Center for the Study of Carbon Dioxide and Global Change
- Founded: 1998
- Type: 501(c)(3)
- Focus: CO2 Science
- Location: Tempe, Arizona;
- Key people: Sherwood B. Idso, President Craig D. Idso, Chairman Keith E. Idso, Vice-President
- Revenue: $1,001,003
- Website: www.co2science.org

= Center for the Study of Carbon Dioxide and Global Change =

Climate change denial organization

The Center for the Study of Carbon Dioxide and Global Change is a 501(c)(3) non-profit organization based in Tempe, Arizona. It is seen as a front group for the fossil fuel industry, and as promoting climate change denial. The Center produces a weekly online newsletter called CO_{2}Science.

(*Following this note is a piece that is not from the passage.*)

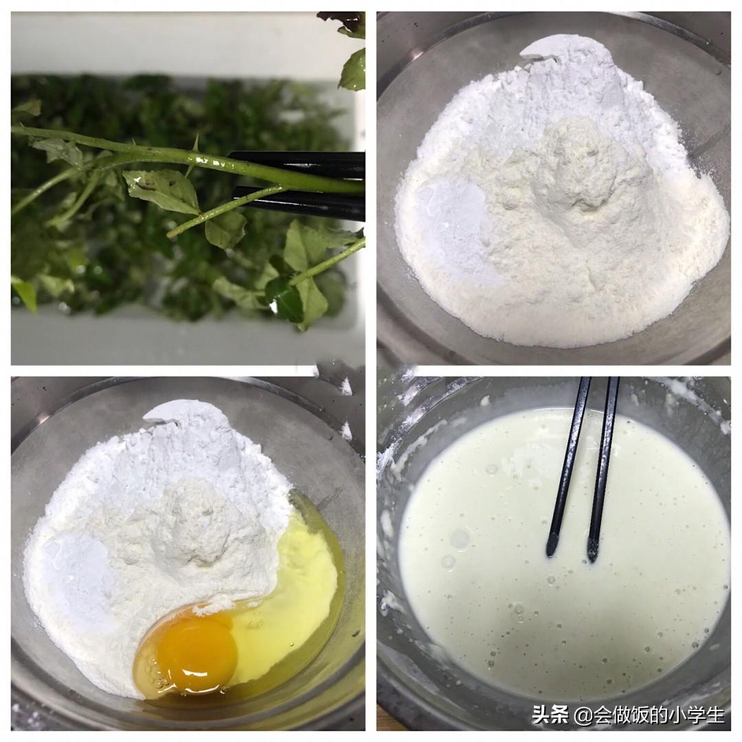 3??花椒芽裹滿面糊,再用手捏住一端,用筷子捋一下,去除多余面糊

The Center was founded and is run by Craig D. Idso, along with Sherwood B. Idso, his father, and Keith E. Idso, his brother. They came from backgrounds in agriculture and climate. According to the Idsos, they became involved in the global warming controversy through their study of Earth's temperature sensitivity to radiative perturbations and plant responses to elevated CO_{2} levels and carbon sequestration. The Center sharply disputes the scientific consensus on climate change shown in IPCC assessment reports, and believes that global warming will be beneficial to mankind.

== Funding ==
According to IRS records, the ExxonMobil Foundation provided a grant of $15,000 to the center in 2000. Another report states that ExxonMobil has funded an additional $55,000 to the center. ExxonMobil stated it funded, "organizations which research significant policy issues and promote informed discussion on issues of direct relevance to the company. [...] These organizations do not speak on our behalf, nor do we control their views and messages."

The center was also funded by Peabody Energy, America’s biggest coalmining company.
== Reception ==

A December 2009 article in Mother Jones magazine said the Center was a promoter of climate disinformation, from a family prominent in promoting climate change denial.